Writing a SCSI Interface Module

This section provides additional information that HBA developers need to write a SCSI interface module.

SIM Initialization and Operation

When SCSI Manager 4.3 is present in ROM, the Start Manager loads any SIM drivers it finds in the declaration ROM of all installed expansion cards. A SIM driver may contain the actual SIM, or it may contain code to load the SIM from some other location (such as a device attached to the expansion card). The Start Manager searches for SIM drivers using the Slot Manager SNextTypeSRsrc function, and loads all drivers matching the following criteria:
sResource typeConstantValue

After loading a SIM driver, the Start Manager calls the driver's open routine. If the SIM is contained in the driver, it should register itself with the XPT at this time. If the registration is successful, the open routine should return noErr.
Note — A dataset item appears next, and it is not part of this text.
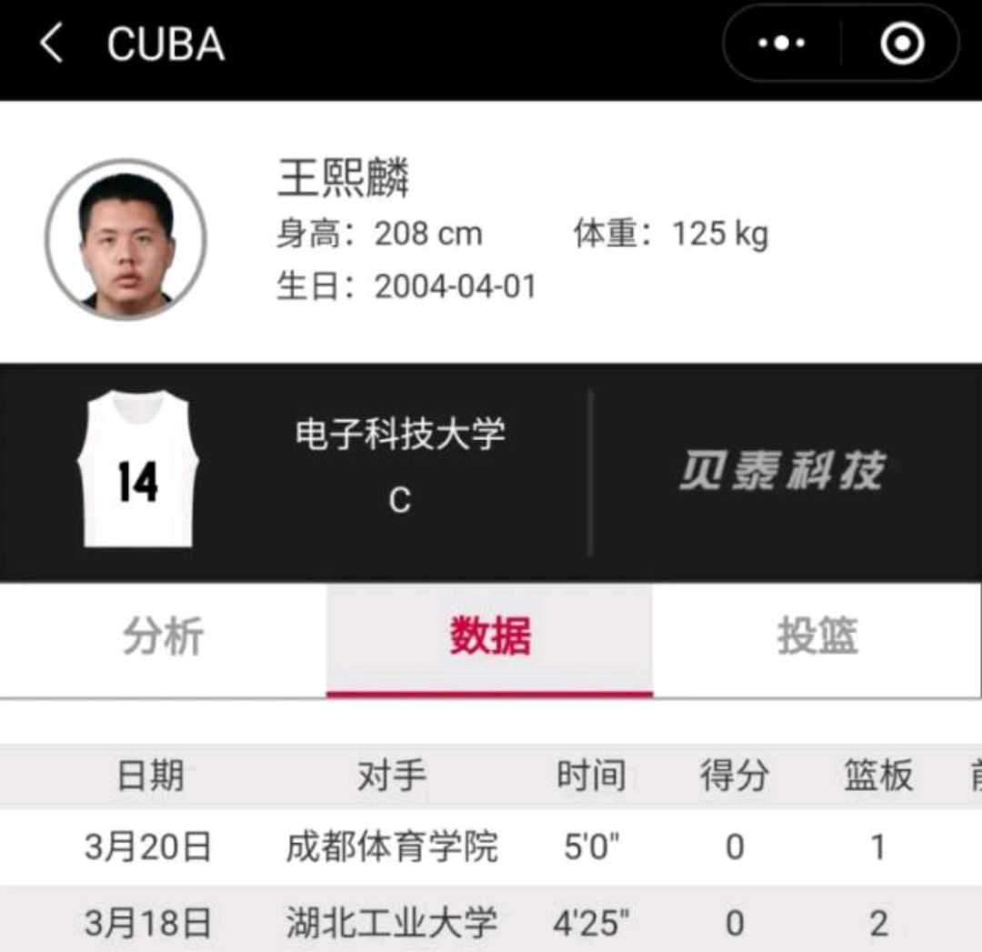 而曾几何时,很多球迷将希望寄托于他的儿子王熙麟身上,如今王熙麟已经21岁,去年他进入了CUBA的赛场,并且代表成都电子科技大学出场,只不过2.08米的他并没有打出亮眼表现,接连两场比赛贡献0分,最终也是被主教练弃用,如今更是没能进入大名单,这样的情况下基本上可以宣告王熙麟无法进入CBA赛场。究其原因他的体重是最大的问题,目前他的体重达到了250斤,虽然具备了体重优势,但是行动缓慢,也没有王治郅的投篮手感,内线脚步更是粗糙至极……
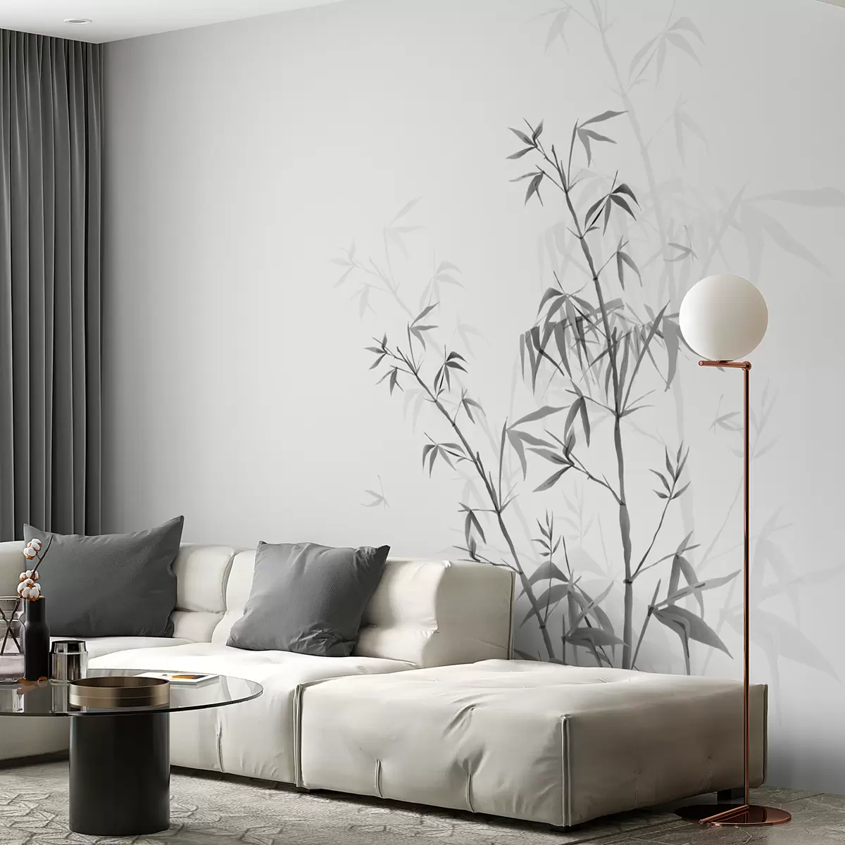 Fototapetai Minimalizmo stiliaus Japandi augalas bambukas Chinoiserie pilka spalva Nr. w00546v1

If the open routine returns an error result, the Start Manager removes the driver from the unit table and releases it from memory. A SIM loader can use this technique to remove itself after loading and registering the actual SIM. Because no other driver entry points are used, you do not need to implement the close, prime, status, or control routines, but they should return appropriate errors.

For Macintosh models that do not include SCSI Manager 4.3 in ROM, your SIM can either provide its own temporary XPT or wait until SCSI Manager 4.3 is installed by the system before registering with the XPT. If you wait for SCSI Manager 4.3 to load, devices on your bus cannot be used as the boot device or as the paging device for virtual memory but can be mounted after SCSI Manager 4.3 is running and your bus is registered.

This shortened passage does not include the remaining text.